Meta is pushing further into AI wearables, with a pendant that could capture conversations and turn them into summaries, while new smart glasses and even a workplace-focused subscription are also reportedly on the table. If the plan holds, the company is no longer treating smart glasses as the whole story; it is building a broader hardware stack for people who want AI close at hand, and perhaps close to their collars.

According to The Information, the Meta AI pendant could enter testing within the next year and build on technology Meta picked up through its purchase of Limitless, a startup that made a recording pendant with summary features. That puts Meta in a familiar race: not just to make AI smaller and wearable, but to make it useful enough that people tolerate the trade-offs.

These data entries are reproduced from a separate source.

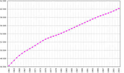 Evolutia demografica intre 1961 si 2003. Populatia in mii de locuitori.
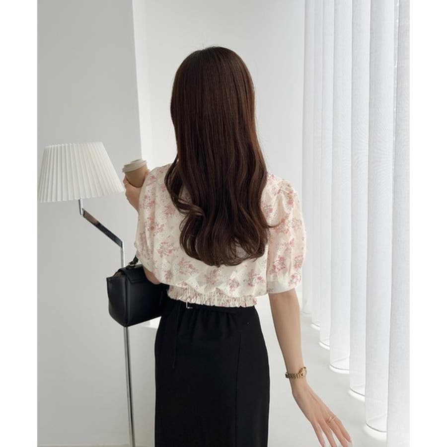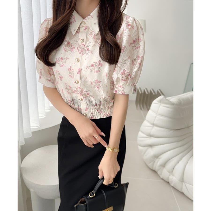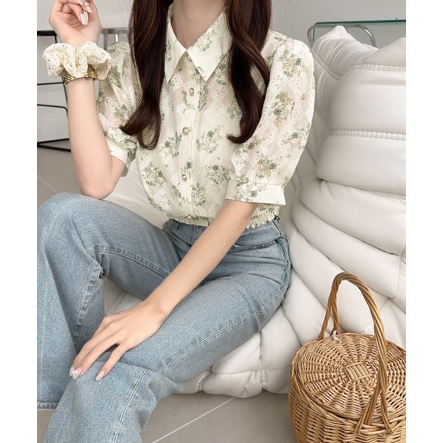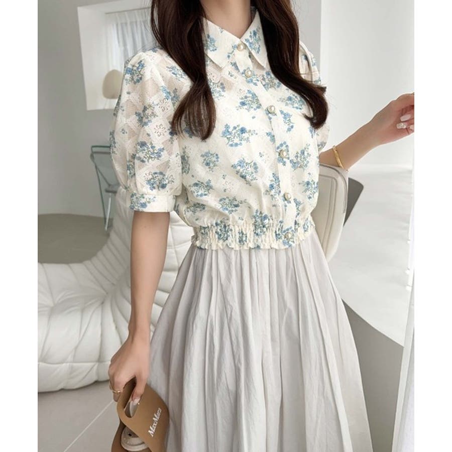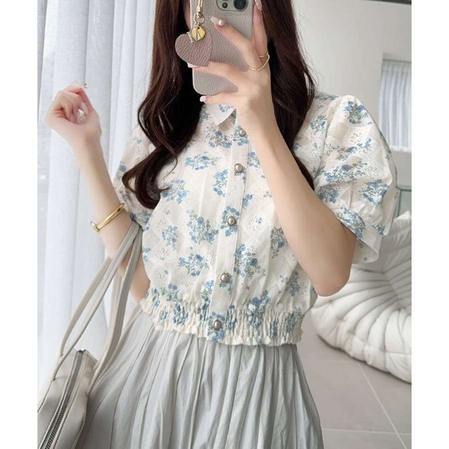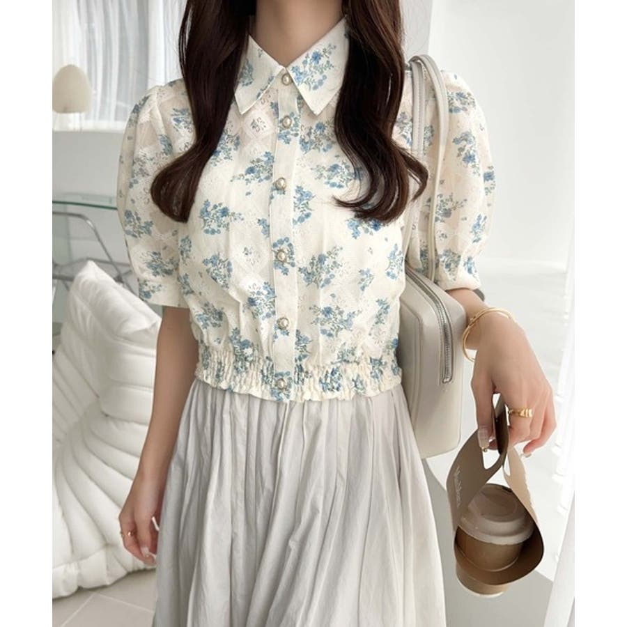 スタイルアップ効果抜群♪花柄シアーレースショート丈ブラウス
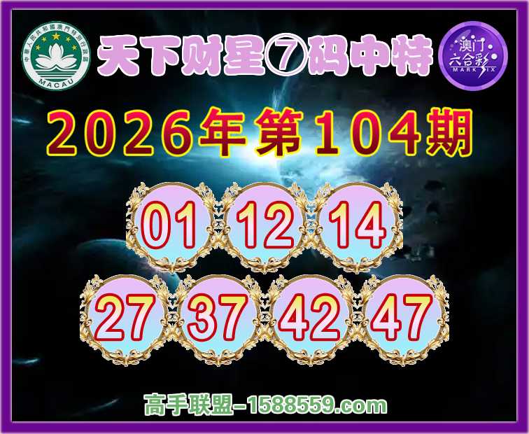 104期:〖天下财星〗 🍖⑦码中特🍖【01.12.14.27.37.42.47】开:01

Meta AI pendant, smart glasses and a work subscription

The memo reportedly points to several new smart glasses models arriving by the end of 2026, extending the company’s push beyond its Ray-Ban line. Meta is also said to be exploring ”Wearables for Work,” a subscription aimed at business users, with features such as meeting transcription, note-taking help, and links to workplace software.

That is a smart angle. Consumer wearables are nice, but enterprise software tends to pay more reliably, and transcription plus note-taking is where AI hardware starts looking less like a toy and more like a tool. Google, Apple and a swarm of smaller hardware firms are all circling the same idea: if the device is always with you, the assistant should be too.

Why Meta is betting on AI wearables

Meta already has smart glasses and virtual reality gear in its portfolio, so a pendant is not a random side quest. It is a way to widen the company’s wearable footprint without waiting for glasses alone to become the perfect mainstream device, which they clearly are not yet.

  • Pendant: expected to be tested within the next year
  • Smart glasses: several new models reportedly due by the end of 2026
  • Work subscription: meeting transcription, note-taking assistance and workplace integration

The catch is obvious. AI pendants have already had a hard time winning mainstream buyers, and always-on audio raises the same privacy concerns that have dogged the category from the start. Meta can package it as productivity, but people will still ask the awkward question: who else is listening, and what happens to everything the pendant hears?

The real test is trust, not hardware

Meta may be able to ship another wearable. The harder job is convincing people that a device designed to remember everything you say is a good idea. If the company wants this category to move beyond early adopters, it will have to make privacy controls feel as compelling as the AI features themselves.